### EXERCISE OBJECTIVE:
Only one stretch of the records below should be repeated. It starts with the line containing "Do dřevěné krabičky" and goes on through the line containing "当地时间2019年1月28日", exactly as written.

### DATASET RECORDS:
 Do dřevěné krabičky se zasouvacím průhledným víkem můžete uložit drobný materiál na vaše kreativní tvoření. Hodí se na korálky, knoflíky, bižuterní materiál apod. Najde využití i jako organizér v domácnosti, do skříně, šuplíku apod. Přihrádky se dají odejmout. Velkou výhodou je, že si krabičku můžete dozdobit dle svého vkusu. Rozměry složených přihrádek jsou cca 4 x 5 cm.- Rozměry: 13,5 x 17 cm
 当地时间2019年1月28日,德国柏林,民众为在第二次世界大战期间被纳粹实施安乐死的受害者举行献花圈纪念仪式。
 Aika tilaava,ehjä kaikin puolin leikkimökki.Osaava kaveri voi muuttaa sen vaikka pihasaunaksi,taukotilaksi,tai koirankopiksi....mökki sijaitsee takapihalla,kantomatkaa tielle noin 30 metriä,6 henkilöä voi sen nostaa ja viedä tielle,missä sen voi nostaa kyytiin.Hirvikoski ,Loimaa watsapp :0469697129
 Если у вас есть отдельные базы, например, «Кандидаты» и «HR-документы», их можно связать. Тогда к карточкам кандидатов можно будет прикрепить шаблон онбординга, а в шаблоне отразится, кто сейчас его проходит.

---

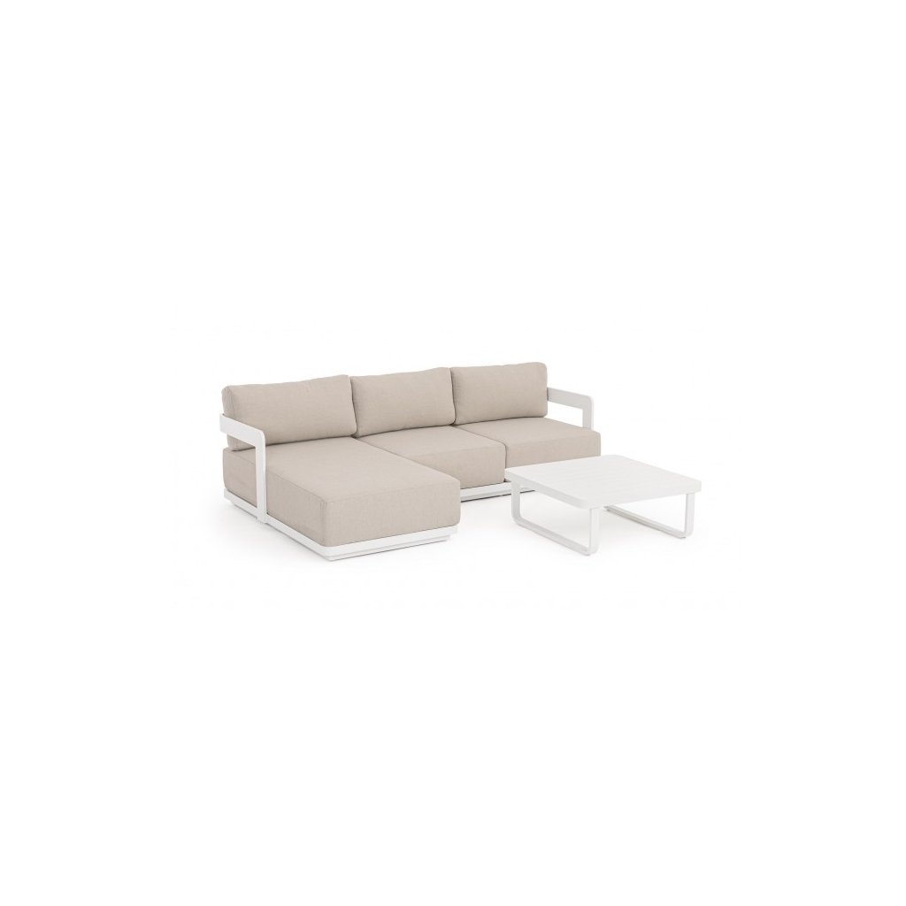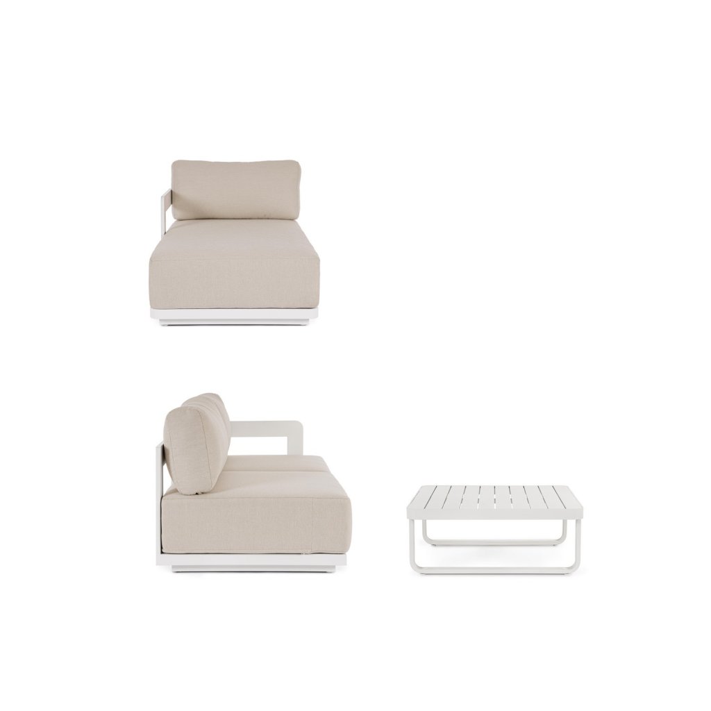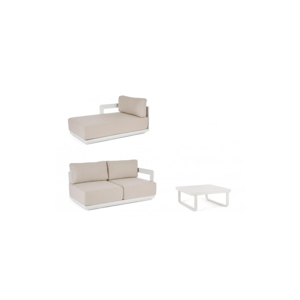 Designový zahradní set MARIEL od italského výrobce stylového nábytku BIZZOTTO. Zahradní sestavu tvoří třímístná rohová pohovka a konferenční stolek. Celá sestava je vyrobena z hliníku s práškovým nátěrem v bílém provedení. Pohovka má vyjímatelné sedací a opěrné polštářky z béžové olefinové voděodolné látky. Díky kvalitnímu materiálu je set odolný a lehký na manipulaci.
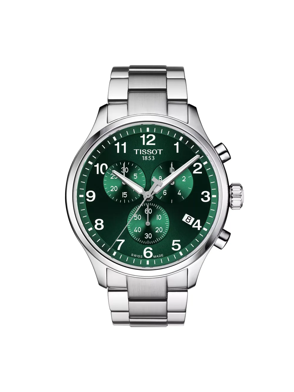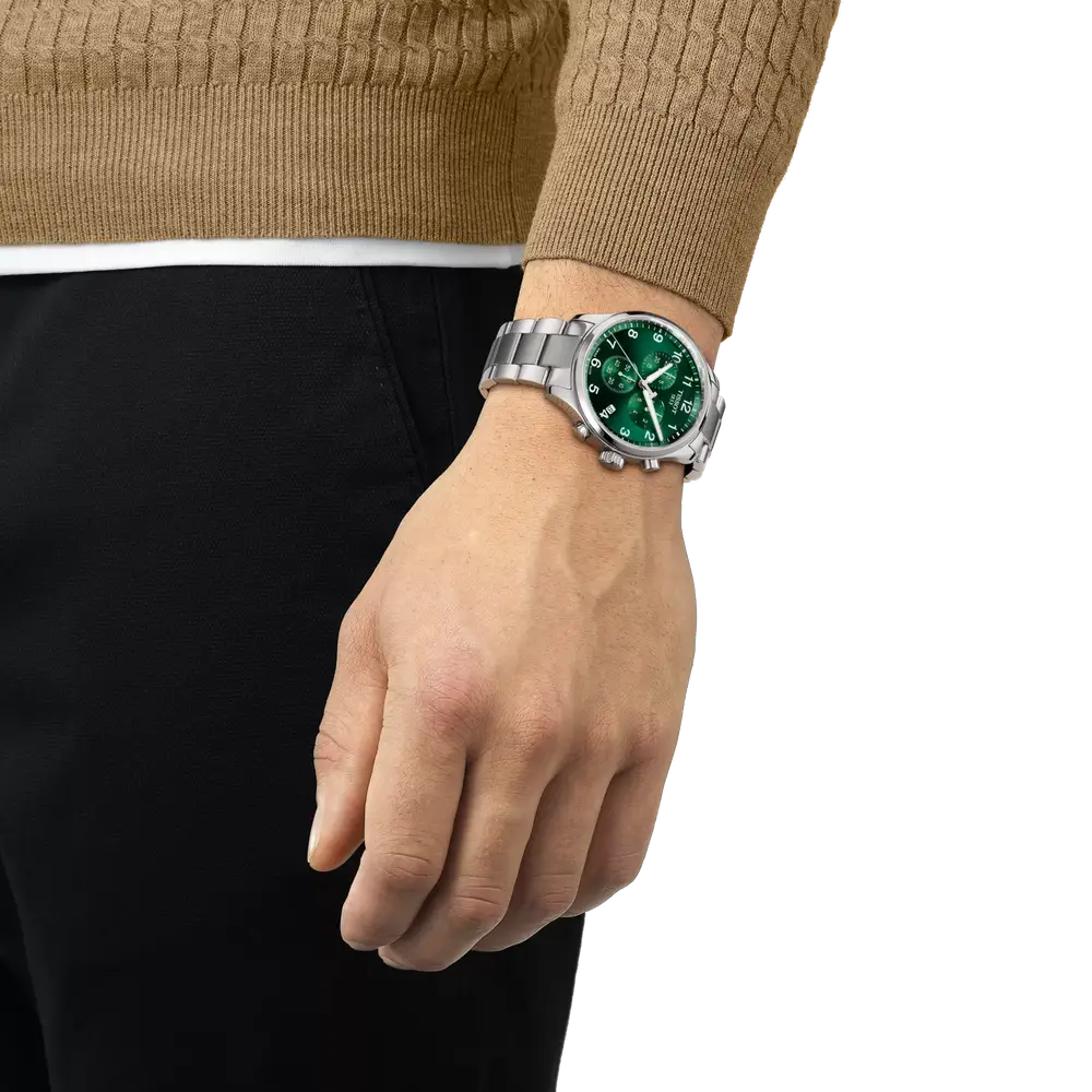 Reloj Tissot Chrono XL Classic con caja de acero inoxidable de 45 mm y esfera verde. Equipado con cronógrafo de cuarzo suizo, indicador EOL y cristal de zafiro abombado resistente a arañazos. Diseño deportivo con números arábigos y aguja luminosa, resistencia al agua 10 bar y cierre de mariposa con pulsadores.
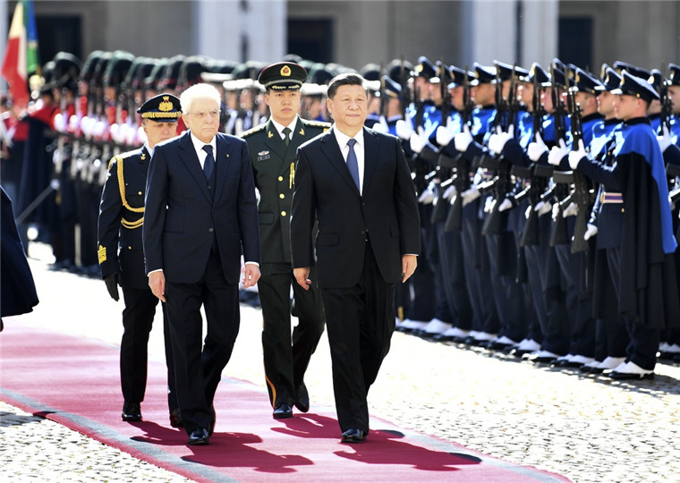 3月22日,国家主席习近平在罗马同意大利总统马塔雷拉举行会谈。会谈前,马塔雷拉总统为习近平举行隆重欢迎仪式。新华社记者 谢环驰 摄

### ANSWER TO THE EXERCISE:
 Do dřevěné krabičky se zasouvacím průhledným víkem můžete uložit drobný materiál na vaše kreativní tvoření. Hodí se na korálky, knoflíky, bižuterní materiál apod. Najde využití i jako organizér v domácnosti, do skříně, šuplíku apod. Přihrádky se dají odejmout. Velkou výhodou je, že si krabičku můžete dozdobit dle svého vkusu. Rozměry složených přihrádek jsou cca 4 x 5 cm.- Rozměry: 13,5 x 17 cm
 当地时间2019年1月28日,德国柏林,民众为在第二次世界大战期间被纳粹实施安乐死的受害者举行献花圈纪念仪式。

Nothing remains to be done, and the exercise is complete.